A method for matching character string based on characteristic parameter includes calculating the matching relation of text to character in indexing word, calculating characteristic parameter according to calculated matching relation, calculating characteristic matching degree according to calculated parameter and text as well as length of indexing word and returning calculated characteristic matching degree back.

Description

Character string matching method based on characterisitic parameter
Technical field
The present invention relates to a kind of character string matching method, specifically, relate to a kind of character string matching method based on characterisitic parameter.
Background technology
The dictionary retrieval is the most basic application of string matching technology.The retrieval technique of existing dictionary retrieval product is divided into two classes: based on the retrieval technique of accurate coupling, and based on the retrieval technique of non-accurate coupling.Accurately the coupling retrieval technique can not be fault-tolerant; But not the retrieval technique of accurately mating allows a spot of mistake of appearance in user's input, and therefore higher using value is arranged.
Over 40 years, both at home and abroad distance calculation based on wrong factor is adopted in the method research of non-accurate string matching always, the most frequently used is Levenshtein distance and ED (Edit Distance) distance, and the wrong factor that influences distance results mainly comprises inserts mistake, deletion error, replacement mistake, exchange mistake etc.This based on wrong factor distance calculating method, have some intrinsic problems, caused the dictionary result for retrieval too general and fault-tolerant ability is limited, problem be mainly reflected in following some:
1), thinking is studied in existing non-accurate string matching based on wrong factor distance calculation, is a kind of research thinking based on the problem phenomenon, as insertion, deletion, replacement, exchange, backward error etc.These wrong phenomenons be not complete independent, can polarize, present diversified feature, be typical problem phenomenon.For example, can represent that is qualitatively replaced a mistake with an insertion mistake and a deletion error in essence, represent qualitatively that with an insertion mistake and a deletion error exchanges a mistake.Therefore, some wrong factor is not independent notion, and string matching does not form the taxonomic hierarchies of science so far, and this is one of major reason wherein.

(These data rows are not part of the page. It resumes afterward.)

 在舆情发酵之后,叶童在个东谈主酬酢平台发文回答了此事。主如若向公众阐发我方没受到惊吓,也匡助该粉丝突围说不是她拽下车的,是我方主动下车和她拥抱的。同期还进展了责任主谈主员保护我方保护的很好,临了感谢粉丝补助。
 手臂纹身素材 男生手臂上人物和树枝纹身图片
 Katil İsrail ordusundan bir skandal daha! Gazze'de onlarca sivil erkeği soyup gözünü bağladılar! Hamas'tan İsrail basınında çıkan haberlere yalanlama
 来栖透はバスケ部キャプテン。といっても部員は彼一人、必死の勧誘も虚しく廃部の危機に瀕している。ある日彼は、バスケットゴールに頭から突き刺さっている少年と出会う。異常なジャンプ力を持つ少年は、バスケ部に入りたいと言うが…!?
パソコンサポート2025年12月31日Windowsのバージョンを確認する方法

2), existingly the polymorphism of character string matching problem is described based on wrong factor, directly have influence on the ordering of string matching result and result for retrieval.Table 1 reflects the polymorphism that the wrong phenomenon of particular problem is described based on wrong factor.

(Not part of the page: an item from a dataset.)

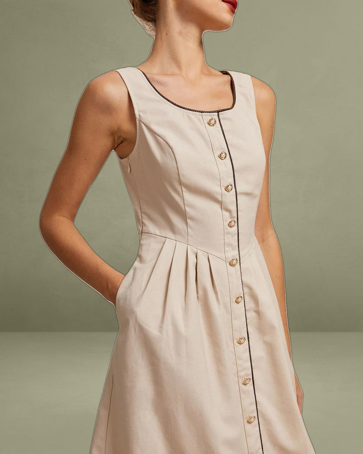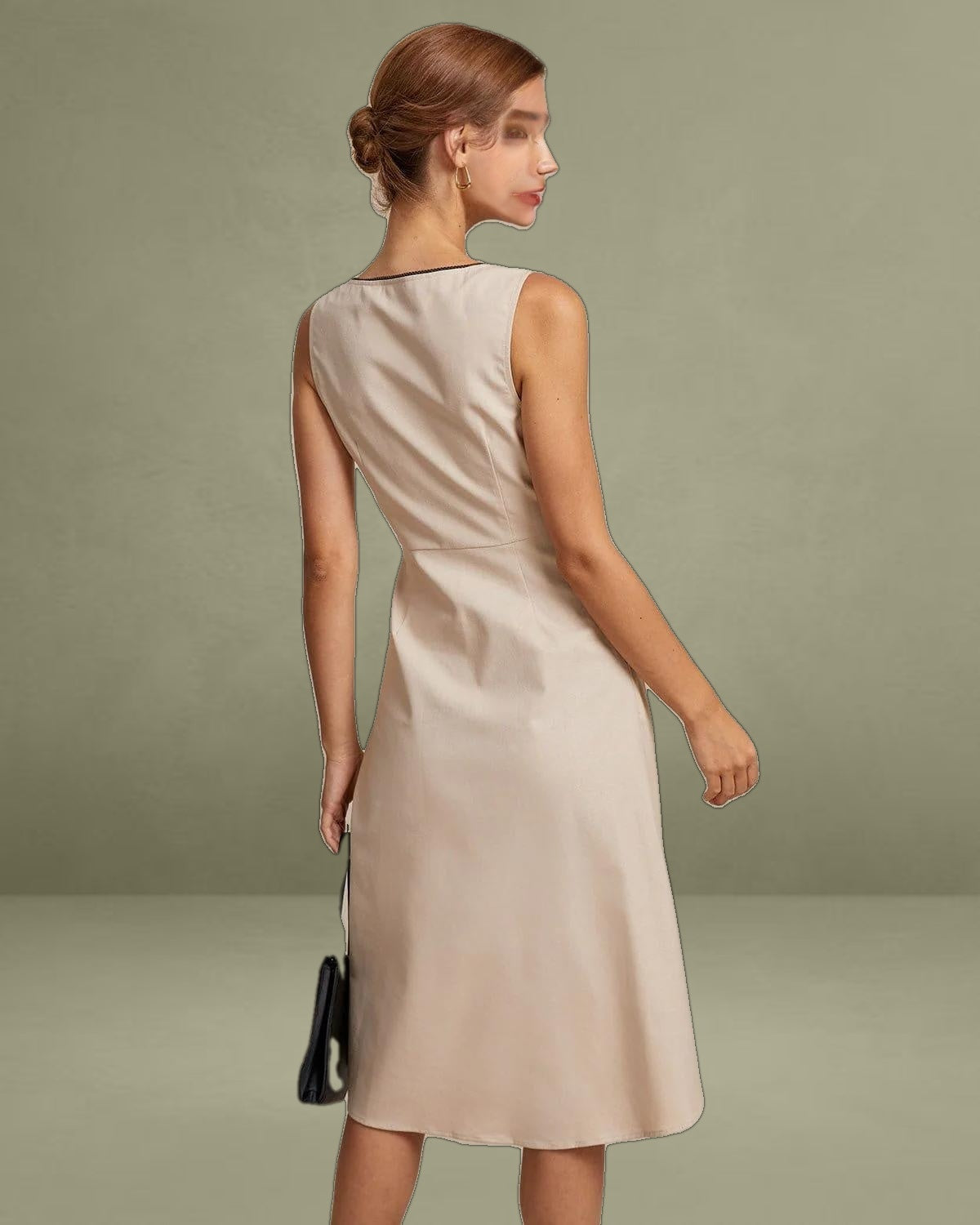 This Sleeveless Midi Dress is made of Cotton and Linen. Cotton fabric features humidity balance, durability, and eco-friendly nature, feeling soft but not stiff when touching the skin. Linen is strong, naturally moth resistant, biodegradable and recyclable.

Text Term Describe based on wrong factor
ABCDEFGH ABCDEFGH Accurately mate (being the substring coupling): do not allow mistakes such as deletion, insertion, exchange
AB CDEFGH CDEF Accurately mate (being the substring coupling): allow the deletion of front, back
AB CDE FGH CDF Non-accurate coupling: 1, have a deletion (E); Or 2, have the deletion of some fronts, back, and deletion (E) in the middle of having; Or 3, have an insertion (F); Or 4, exist a replacement (E, F); Deng
AB CDEFGH CEDF Non-accurate coupling: 1, exchange of existence (DE, ED); Or 2, exist two replacements (D, E), (E, D); Or 3, have an insertion (D) and a deletion (D); Deng
AB CDEFGH CEFD Non-accurate coupling: 1, have a deletion (D) and an insertion (D); Or 2, have two insertions (C), (D); Or 3, have two insertions (E), (F); Deng
AB CD EFGH ACEFXD Non-accurate coupling: 1, have two deletions (B), (D) with two insertions (X), (D); Or 2, have two deletions (B), (D) with two replacements (G, X), (H, D); Deng
Table 1
In the table 1, ignore the quantization influence of distance calculation,, have multiple qualitative representation method, reflect the polymorphism of describing same problem, be not easy to classification and handle based on wrong factor based on the matching problem of wrong factor to particular text and term.

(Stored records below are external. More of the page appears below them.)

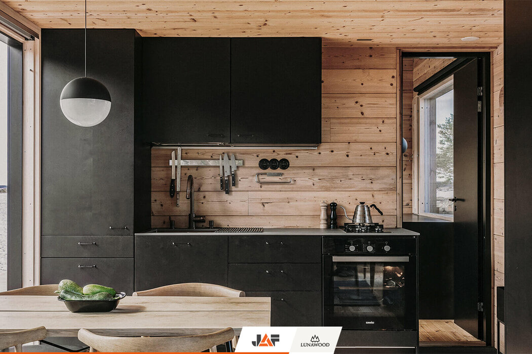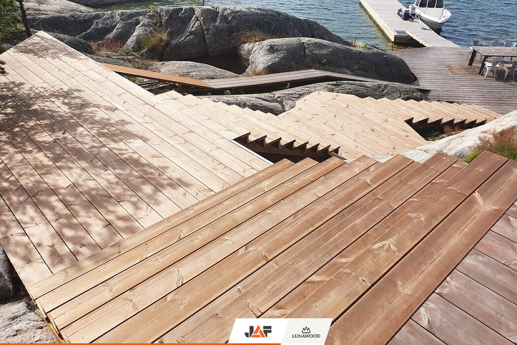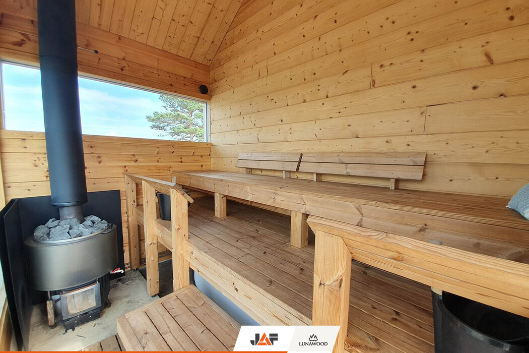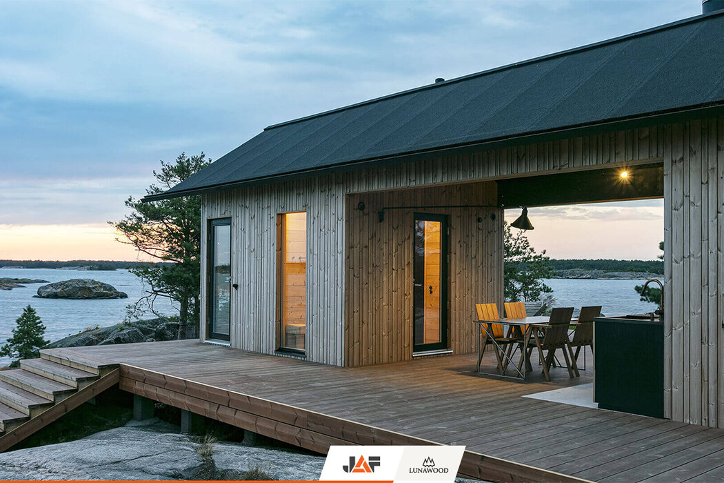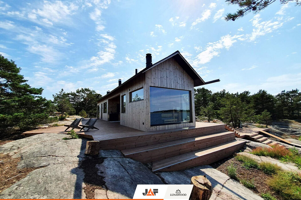 В търсене на подходящ дървесен материал за външната обшивка, терасите и интериора, която не само да се вписва хармонично в концепцията на околното пространство, но и да издържа на изключително суровите природни условия на скандинавския север, семейството се спира на термодървесината на Lunawood. В следствие на термичната модификация екологичните профили от PEFC сертифициран финландски бор и смърч демонстрират особена дименсионална стабилност и устойчивост на гниене без влагане на химикали. Подходящи са за екстериора, интериора и всякакъв тип климат. В конкретния случай вертикалната ориентация на фасадата подчертава търсения модерен, минималистичен дизайн на двете къщи.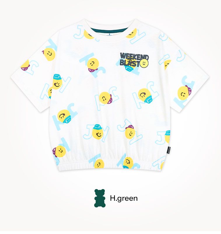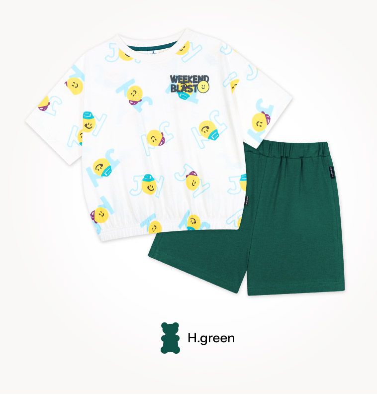 韓國 Jelispoon - JOY笑臉短袖套裝-白X深綠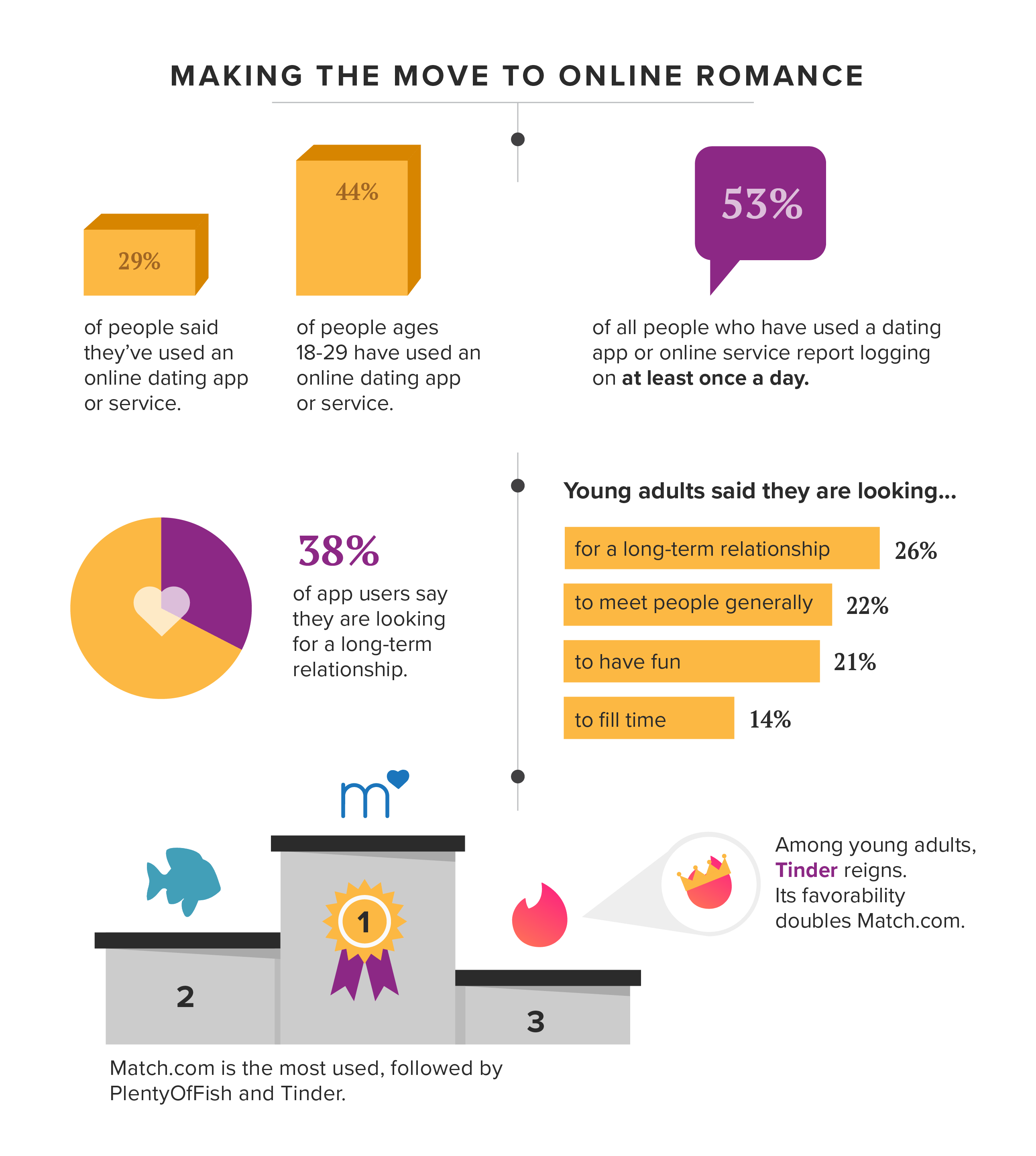 The apps are not just for searching for a happily-ever-after kind of love, although a 38 percent plurality of users say they are looking for a long-term relationship. People using the apps report they’ve had casual romantic encounters but also have forged platonic friendships.

3), based on the non-accurate character string matching method of wrong factor distance calculation, because by distance calculation various wrong factors being carried out unified quantization handles, as ED (Edit Distance) distance calculation, the character obfuscation of different wrong factors in the feasible coupling, the matching result that distance reflects is too general.For example distance is 2, can represent to contain two and insert mistake, also can represent to contain 2 deletion errors, perhaps replaces mistake, the perhaps mistake of 2 mixing for two.And the nonindependence of wrong factor notion, and the uncertainty of the wrong properties in the coupling, make again and can not the further refinement of matching state be represented according to wrong factor.Therefore, in the dictionary retrieval, when calculating matching degree, lack the more careful parameter foundation of accurate match situation, be unfavorable for detecting result's reasonable ordering.
4), existing dictionary retrieval, seldom from psychology, cognitive science, linguistics, ethological angle, the influence to the dictionary retrieval is discussed.In fact, each character is according to factors such as the position in word, pronunciation, visions, have cognitive difference in various degree, some character remembers that easily some character then is difficult for remembeing, perhaps As time goes on and gradually desalination, this also is the main cause that causes non-accurate input.Therefore in the retrieval, should consider of the influence of the cognitive difference of each character in word to the dictionary result for retrieval.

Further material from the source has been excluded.